* Problem to work on
Begin with the line below holding "The Ultralights Clarus" and go on through the line holding "Quasiment tous les", duplicating each line exactly and leaving out pictures.

::: Records supplied

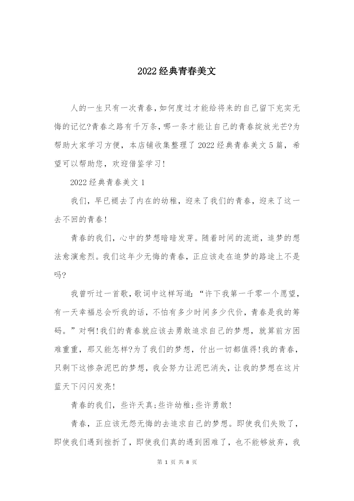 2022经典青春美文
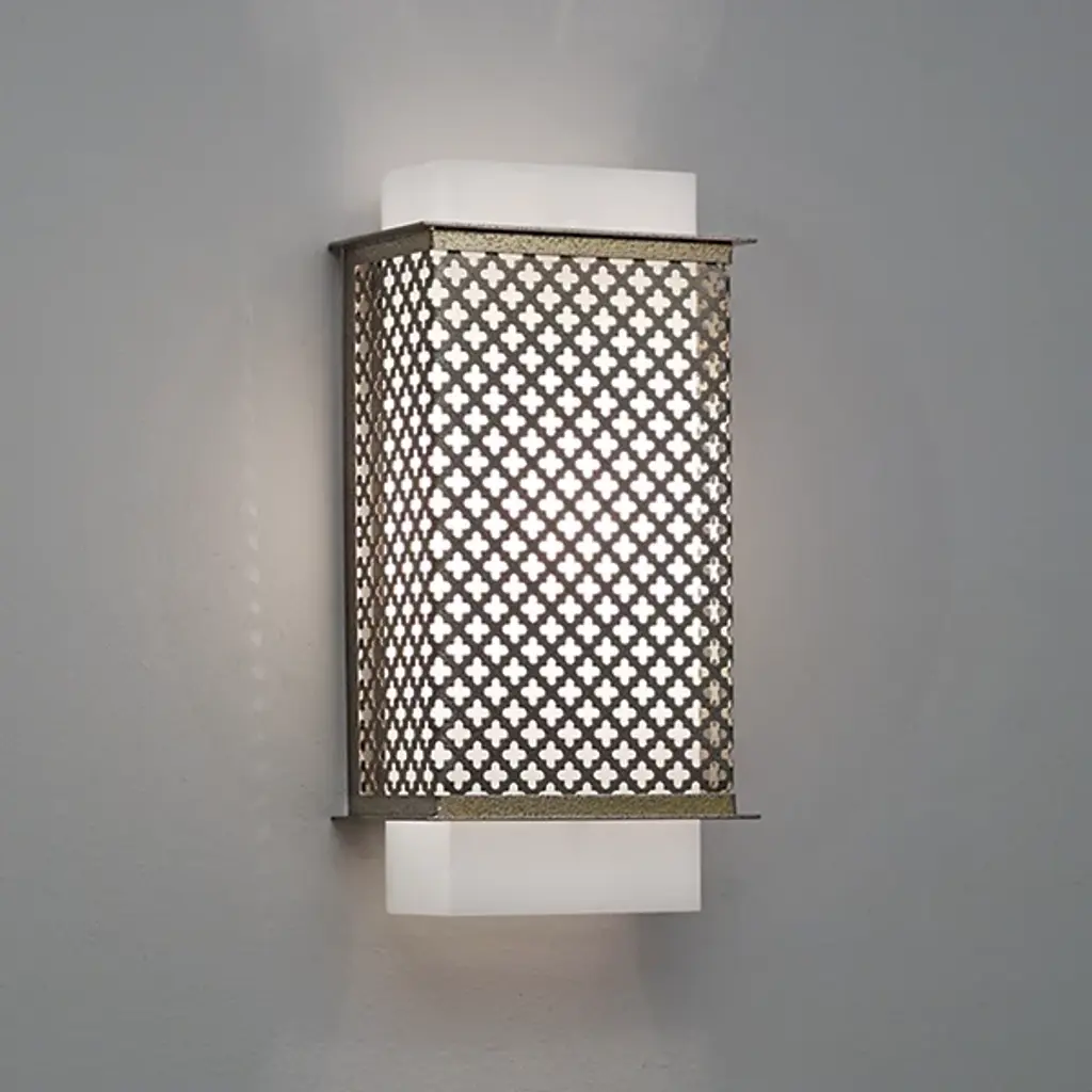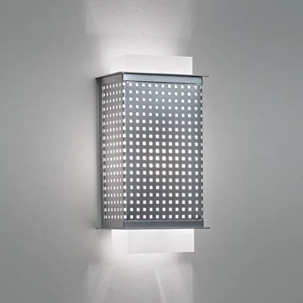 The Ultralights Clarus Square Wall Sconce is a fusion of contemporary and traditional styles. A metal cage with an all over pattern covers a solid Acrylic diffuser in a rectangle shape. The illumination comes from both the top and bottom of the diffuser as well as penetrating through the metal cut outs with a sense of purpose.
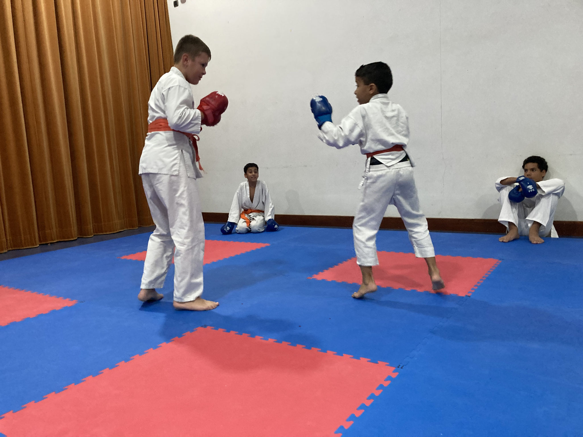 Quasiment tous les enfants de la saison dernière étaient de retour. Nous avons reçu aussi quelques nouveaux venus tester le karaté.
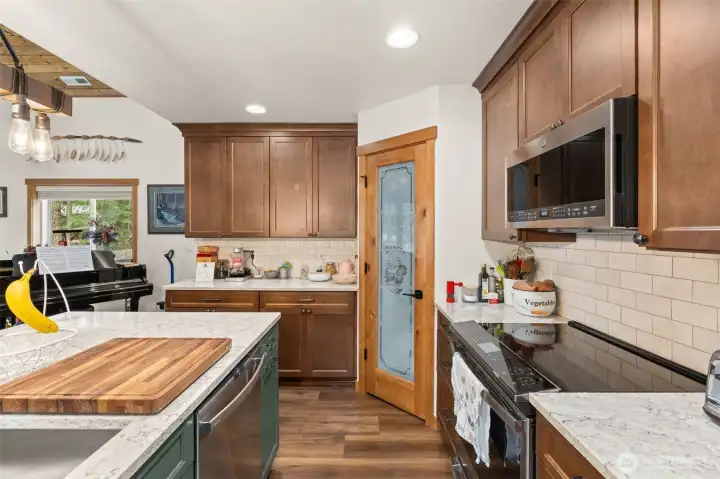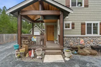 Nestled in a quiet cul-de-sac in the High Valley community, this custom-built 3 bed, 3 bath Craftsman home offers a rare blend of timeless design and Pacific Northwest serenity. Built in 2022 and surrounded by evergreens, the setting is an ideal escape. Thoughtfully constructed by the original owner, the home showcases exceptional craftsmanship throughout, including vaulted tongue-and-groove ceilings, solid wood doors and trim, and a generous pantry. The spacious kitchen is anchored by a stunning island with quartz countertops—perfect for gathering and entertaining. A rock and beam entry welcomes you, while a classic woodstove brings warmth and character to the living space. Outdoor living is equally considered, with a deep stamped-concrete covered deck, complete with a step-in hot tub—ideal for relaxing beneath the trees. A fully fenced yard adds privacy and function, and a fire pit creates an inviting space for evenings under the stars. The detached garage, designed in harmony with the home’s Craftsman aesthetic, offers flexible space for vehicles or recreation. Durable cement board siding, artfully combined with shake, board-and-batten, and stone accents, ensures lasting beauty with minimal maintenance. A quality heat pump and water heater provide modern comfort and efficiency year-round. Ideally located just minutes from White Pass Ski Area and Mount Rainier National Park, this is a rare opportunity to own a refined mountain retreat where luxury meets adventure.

::::::
::: Records supplied

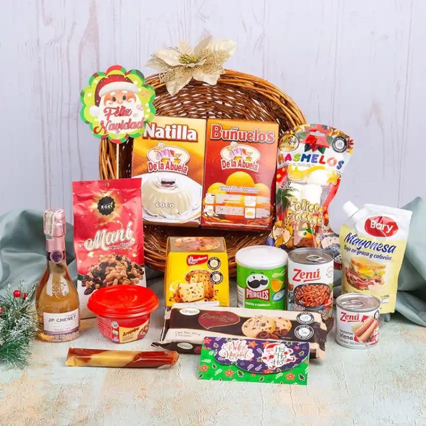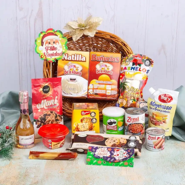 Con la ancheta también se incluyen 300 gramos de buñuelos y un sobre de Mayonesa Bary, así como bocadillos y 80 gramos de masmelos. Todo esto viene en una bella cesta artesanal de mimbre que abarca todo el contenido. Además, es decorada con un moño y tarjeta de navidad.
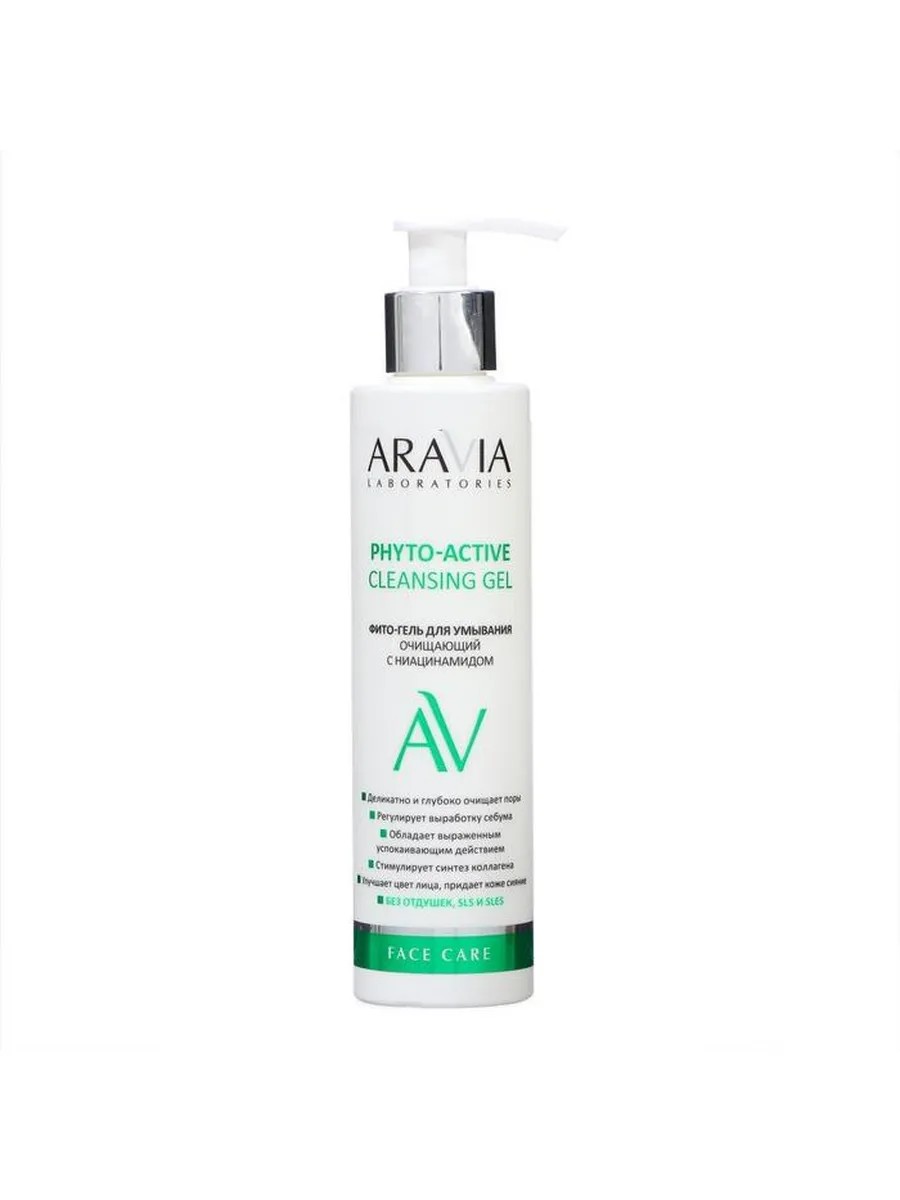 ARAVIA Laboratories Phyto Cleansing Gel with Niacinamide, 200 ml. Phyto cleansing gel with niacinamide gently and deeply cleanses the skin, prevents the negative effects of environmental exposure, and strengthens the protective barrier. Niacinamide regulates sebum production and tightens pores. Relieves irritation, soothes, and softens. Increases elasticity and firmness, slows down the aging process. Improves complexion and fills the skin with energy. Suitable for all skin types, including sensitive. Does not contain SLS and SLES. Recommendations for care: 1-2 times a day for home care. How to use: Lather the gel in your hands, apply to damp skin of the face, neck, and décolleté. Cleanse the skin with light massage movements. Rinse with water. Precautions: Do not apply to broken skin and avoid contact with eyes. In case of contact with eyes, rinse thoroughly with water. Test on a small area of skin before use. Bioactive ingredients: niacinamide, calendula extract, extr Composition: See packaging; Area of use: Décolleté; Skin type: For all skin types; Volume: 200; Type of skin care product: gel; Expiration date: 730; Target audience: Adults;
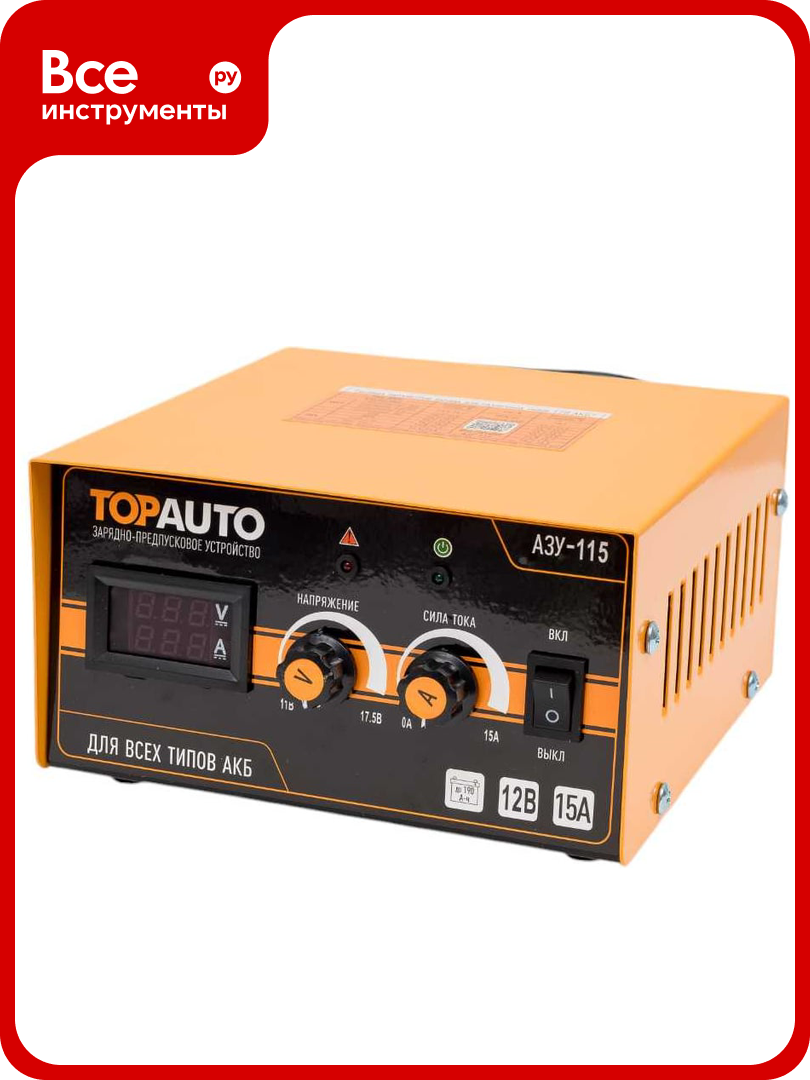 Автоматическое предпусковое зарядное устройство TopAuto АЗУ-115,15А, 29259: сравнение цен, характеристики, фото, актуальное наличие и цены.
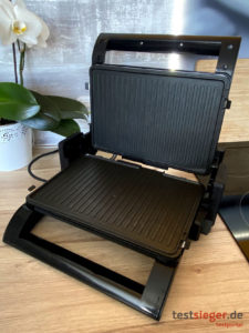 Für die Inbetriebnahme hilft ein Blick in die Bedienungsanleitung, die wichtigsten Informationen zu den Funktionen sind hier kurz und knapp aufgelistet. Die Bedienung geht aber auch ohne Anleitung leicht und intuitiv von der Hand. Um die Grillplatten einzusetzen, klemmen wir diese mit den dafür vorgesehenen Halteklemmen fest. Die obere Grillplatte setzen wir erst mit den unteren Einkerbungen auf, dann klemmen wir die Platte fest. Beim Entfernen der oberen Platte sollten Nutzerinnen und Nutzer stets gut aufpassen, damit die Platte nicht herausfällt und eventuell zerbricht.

::::::
::: Records supplied

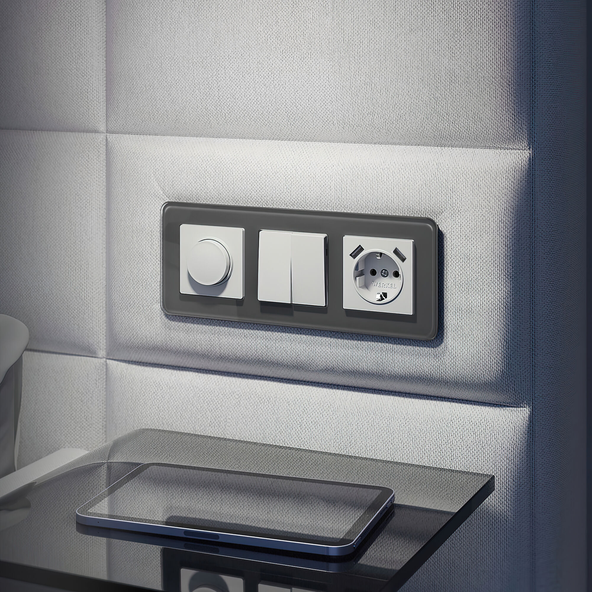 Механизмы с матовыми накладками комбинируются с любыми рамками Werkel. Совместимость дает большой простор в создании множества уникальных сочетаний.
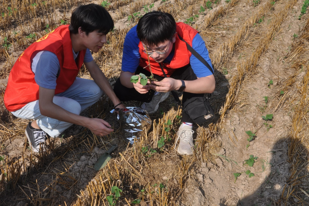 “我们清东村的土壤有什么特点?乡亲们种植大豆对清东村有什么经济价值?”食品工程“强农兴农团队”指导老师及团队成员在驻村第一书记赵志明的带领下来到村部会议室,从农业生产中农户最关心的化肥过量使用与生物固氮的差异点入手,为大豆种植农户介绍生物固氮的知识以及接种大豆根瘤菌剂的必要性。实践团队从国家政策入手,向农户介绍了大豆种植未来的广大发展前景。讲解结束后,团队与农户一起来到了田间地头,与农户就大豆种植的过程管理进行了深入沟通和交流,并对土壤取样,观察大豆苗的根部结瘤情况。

::::::

* Completed task
 The Ultralights Clarus Square Wall Sconce is a fusion of contemporary and traditional styles. A metal cage with an all over pattern covers a solid Acrylic diffuser in a rectangle shape. The illumination comes from both the top and bottom of the diffuser as well as penetrating through the metal cut outs with a sense of purpose.
 Quasiment tous les enfants de la saison dernière étaient de retour. Nous avons reçu aussi quelques nouveaux venus tester le karaté.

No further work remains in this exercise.